I personally don't think this is going to get cheaper, at least any time soon. Models will get more efficient and pricing will shift, but the volume of generation per engineer is going up faster than per-token costs are currently coming down, and the codebases we're pointing models at are getting larger, not smaller.
So what does this mean?
I think code quality and consistency, easily maintainable code and easy to read and understand code still matters. But somehow it's more important now, and not because it wasn't a problem for people, it always was, it's just now there is less human judgement in the mix.

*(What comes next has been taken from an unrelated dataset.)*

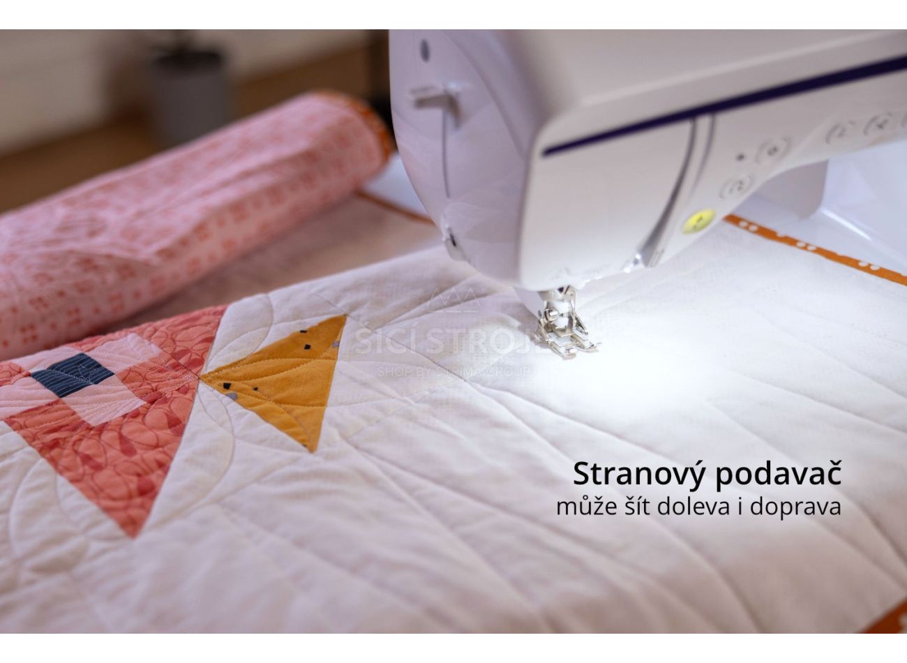 Oproti nižšiemu modelu má stranový podávač - zúbky podávača vedia podávať nielen dopredu a dozadu, ale tiež vľavo a vpravo. Vľavo a vpravo vie šiť ako rovný steh, tak cik-cak, takže na voľné rameno navlečiete nohavicu a ušijete štvorček. Dokonalé na prišívanie záplat - už nebudete musieť párať nohavicu! Stranové podávanie používa aj na šitie ozdobných stehov, ktoré sú až 40 mm široké a písmenká abecedy má tiež väčšie, než nižšie modely - sú až 12 mm vysoké.

The dead code we left around is now treated as a valid reference. If you leave an old version of a function next to the new one, the model has a reasonable chance of extending the old pattern in the next change. So deleting unused code isn't just tidying up anymore you are literally removing traps that AI might get caught in. The same applies to consistency, if there are two ways to wire up a form in the codebase we're just inviting the model to pick one.
And comments are another one, I think the rule is still that good code mostly explains itself. But a short comment explaining the intent, like why a particular approach was chosen helps the model make better decisions about what to change and what to leave alone.

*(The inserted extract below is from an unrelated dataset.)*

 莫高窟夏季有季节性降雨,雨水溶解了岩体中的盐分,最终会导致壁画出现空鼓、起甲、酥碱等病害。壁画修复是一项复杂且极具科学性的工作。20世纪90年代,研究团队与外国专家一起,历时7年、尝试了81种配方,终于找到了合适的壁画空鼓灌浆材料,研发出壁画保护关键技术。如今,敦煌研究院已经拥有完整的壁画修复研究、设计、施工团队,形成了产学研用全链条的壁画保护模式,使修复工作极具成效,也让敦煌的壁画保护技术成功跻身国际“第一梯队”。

Same goes for naming things, if you aren't consistent with your naming the model has to figure out the differences every time. There is just no need for that.
Previously if a person was making these calls they'd have more context on where these patterns were coming from, but now that's missing in the steps. So even if a person reviews the output they may not have the appropriate understanding to know that the pattern or convention AI is using isn't the correct one simply because they weren't part of the whole process like before.
I don't think we want to try to anticipate every future need, I'm also not saying you should have an emergency cleanup sprint across every legacy codebase. However, the places where this matters most are the places the model is going to read the most. I think the mentality of "we'll clean it up later" needs to be more carefully considered, because now every time you add something into the core parts of your codebase the more likely you are to spread that across the codebase. And besides, we have AI now so in theory it should be quicker to resolve these problems right?
Overall thoughts
I thought this recently at a conference I attended, but I think it's ironic that maintainable code was typically something we did for our human colleagues, the same applied to things like accessibility, this was done for people to make it easier for people. But now those same properties that made code easy for a person to work with are what help AI produce good output with less context, fewer round trips, and less drift.
Anyway I think it's not just about quality anymore, and if you treat code clarity as a discipline rather than a preference maybe you'll spend less on tokens, ship faster and end up with codebases that stay easy to read, understand and generate against rather than drifting under the weight of your own output.
It seems to me that AI just keeps highlighting how important the basics were, that actually we were on the right track. They don't suddenly stop being important.